Lire Mgr Lefebvre en 1989 : « Après les ralliements sonnera l’heure de vérité »
Le site de l’hebdomadaire Famille chrétienne publie ce 17 juillet 2021 quelques réactions prises sur le vif :
« C’est un texte très offensant et très violent », estime l’abbé Paul-Joseph, supérieur du district de France de la Fraternité Saint-Pierre (FSSP), « On y parle d’une part de rejet du concile, or la Fraternité Saint-Pierre n’a jamais rejeté le concile Vatican II. Pour nous, il ne présente pas de difficultés fondamentales mais uniquement des demandes de précisions sur certains points que nous interprétons à la lumière de la tradition de l’Eglise comme le préconise Benoit XVI. » ajoutant : « Nous sommes peu payés pour notre obéissance à Rome, obéissance qui est la pierre angulaire de notre fondation ». Il souligne : « La Fraternité Saint-Pie X est finalement mieux traitée que nous ». C’est un constat d’échec, « Depuis notre création, nous avons essayé d’être dans cet esprit filial, avec le droit qui nous a été accordé de pouvoir émettre des critiques constructives mais il demeure chez certains une suspicion sur notre communion ecclésiale, notre état d’esprit, notre obéissance, notre reconnaissance de la validité et la fécondité du missel de Paul VI que nous n’avons jamais remise en cause. »
Supérieur de la plus importante communauté Ecclesia Dei en France, l’abbé Benoît Paul-Joseph s’inquiète pour l’avenir : « Il n’y aura plus de stabilité. Nous passons de la bienveillance à un régime de tolérance, illustré notamment par le fait que les messes traditionnelles ne sont plus censées être célébrées dans des églises paroissiales, qu’il n’y aura plus d’érection de paroisses personnelles et qu’on demande aux évêques de ne plus accepter de demande venant de nouveaux groupes. C’est l’acheminement vers l’unique missel de Paul VI. » Conclusion sans illusion : « Il s’agit donc d’un encadrement des dernières personnes attachées au missel de Saint Pie V que l’on accompagne de façon thérapeutique comme en soins palliatifs. »
Pour l’Abbé Mateusz Markiewicz, supérieur du district d’Europe de l’Institut du Bon Pasteur (IBP), ce texte est un « acte contre la charité parce que nous ne savons pas sur quoi s’appuient les accusations portées à notre encontre dans ces documents car rien de ce qui est écrit n’est conforme à la réalité » il remarque qu’« on punit des prêtres et des fidèles attachés à une messe multiséculaire tandis que des évêques en Allemagne produisent quasiment un schisme ».

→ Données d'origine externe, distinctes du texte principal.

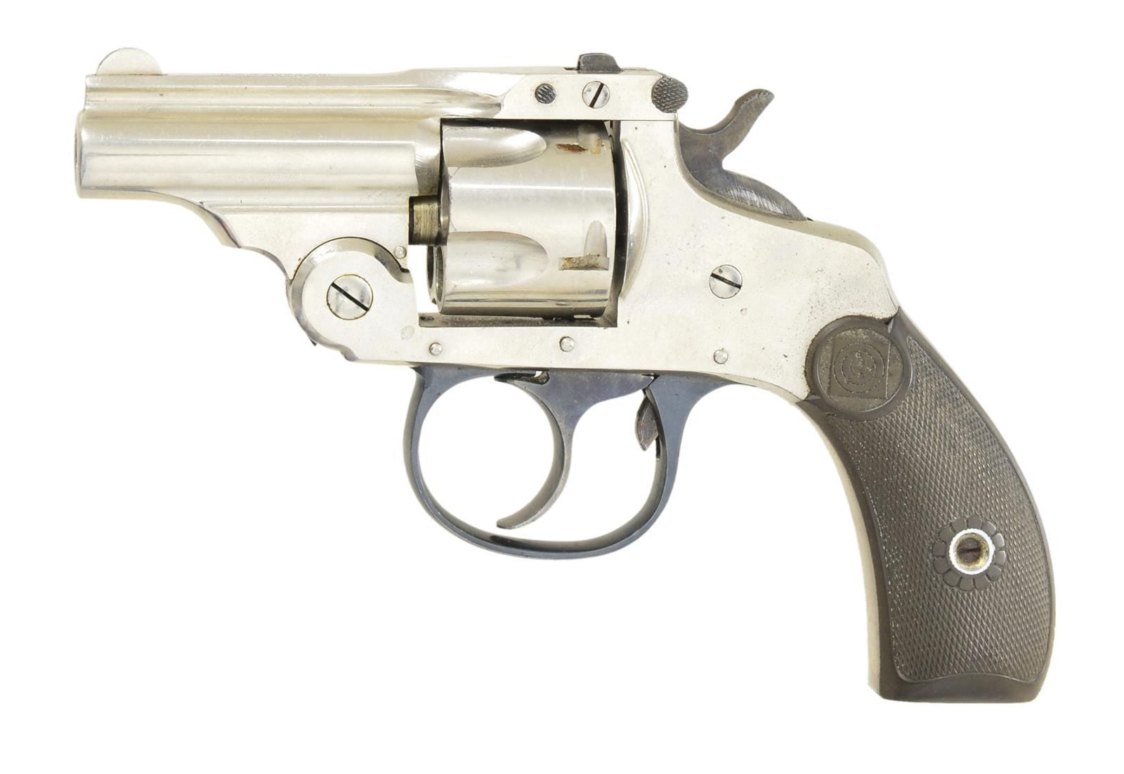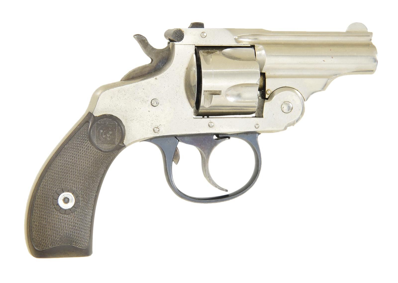 REVOLVER. Cal. 32 CF short. S# A27465. Bbl. 2". Top of bbl. marked "H&R ARMS CO." and "WORSCESTER. MASS." Checkered brown grips w/ target logo. CONDITION: grips show light handling wear & some minor staining. Hammer & trigger retain strong amounts of case colors w/ some fading to gray. Trigger guard retains nearly all blue finish. Balance of metal retains 90% nickel w/ scattered light oxidation & freckling. Good bore w/ a couple sm. pits. (22-2707/MJC). CURIO. $150-250.

L’abbé Guy-Emmanuel Cariot, recteur de la basilique d’Argenteuil, qui ne célébre que le nouveau rite, affirme ressentir « beaucoup de tristesse parce que ce texte semble balayer les efforts faits par Benoit XVI pour maintenir l’unité de l’Eglise et mépriser les efforts faits depuis quinze ans par les communautés traditionalistes. »
L’abbé Timothée Pattyn, curé de la paroisse de la Trinité en Beaujolais et ancien de la Fraternité Saint-Pierre, estime que « cela va braquer les fidèles et les prêtres qui ne se sentent pas compris. Certains vont se diriger vers la Fraternité Saint-Pie X, d’autres vont se remettre en porte à faux avec les évêques, des évêques vont rallumer des guerres là où il n’y en avait plus… Ce texte déchire les artisans d’unité qui célèbrent volontiers la forme extraordinaire, en adhérant au concile, à la forme ordinaire et au magistère des papes [post-conciliaires]. » Il ajoute : « avec ce texte, certains ont désormais le sentiment d’être les vilains petits canards, et d’être surveillés de près. »

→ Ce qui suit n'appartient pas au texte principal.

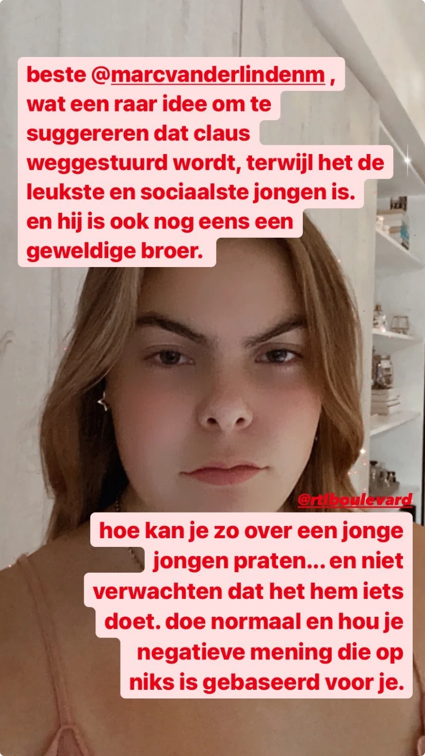 "Beste Marc van der Linden, wat een raar idee om te suggereren dat Claus weggestuurd wordt, terwijl het de leukste en sociaalste jongen is. En hij is ook nog eens een geweldige broer", schrijft de 18-jarige Eloise op Instagram. "Hoe kan je zo over een jonge jongen praten... en niet verwachten dat het hem iets doet. Doe normaal en hou je negatieve mening die op niks is gebaseerd voor je."

Le cardinal Burke, qui affirme ne pas pouvoir comprendre comment le nouveau Missel romain est « l’expression unique de la lex orandi du rite romain », a également remis en question dans le National Catholic Register le ton du motu proprio, observant qu’il est « marqué par une dureté envers les fidèles qui adorent dans la forme extraordinaire. » Concernant l’enquête à laquelle François se réfère dans le motu proprio, le cardinal a déclaré que « compte tenu de la nature drastique de la législation, il semblerait juste de donner un rapport détaillé du résultat de l’enquête, qui vérifie également la nature scientifique de l’enquête. »

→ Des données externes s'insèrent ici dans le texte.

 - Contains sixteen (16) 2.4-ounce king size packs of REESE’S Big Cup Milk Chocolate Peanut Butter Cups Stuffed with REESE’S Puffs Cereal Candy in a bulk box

De son côté, le cardinal Sarah, a émis un tweet laconique : « Prions un moment auprès de la grande fresque de Michel-Ange dans la chapelle Sixtine. Il y a représenté le Jugement dernier. Mettons nous à genoux devant la majesté divine. Les saints sont là, ils portent les instruments de leur martyr. Le soir approche et déjà le jour baisse. »
Sur le site du journal La Croix, quelques évêques réagissent également.
Mgr Olivier Leborgne, évêque d’Arras (Pas-de-Calais), relève que le climat était globalement apaisé : « Dans la très grande majorité des cas, les relations se passent bien même s’il peut y avoir çà et là quelques risques de division. Mais il y a des pays où la situation peut être plus clivée. » Il ajoute cependant sur Vatican News que « la forme extraordinaire devait rester extraordinaire. Et petit à petit, on a voulu dire que la forme extraordinaire était meilleure que l’ordinaire » , et aussi : « le Pape Benoit avait introduit pour le bien pour la charité cette distinction, mais certains s’en sont servis malheureusement contre ce qu’elle voulait servir. D’où la réaction du Pape François. […] Le Pape pose des conditions claires et précises, nous sortons d’un certain flou qui pouvait exister. » Pour lui, « le Saint-Père demande un renouveau eucharistique et une nouvelle attention à la liturgie pour toute l’Église, et pas seulement pour le missel extraordinaire mais pour le missel romain de Paul VI. » (Cf à ce propos la vidéo « Quand le Pape François célèbre la nouvelle messe »)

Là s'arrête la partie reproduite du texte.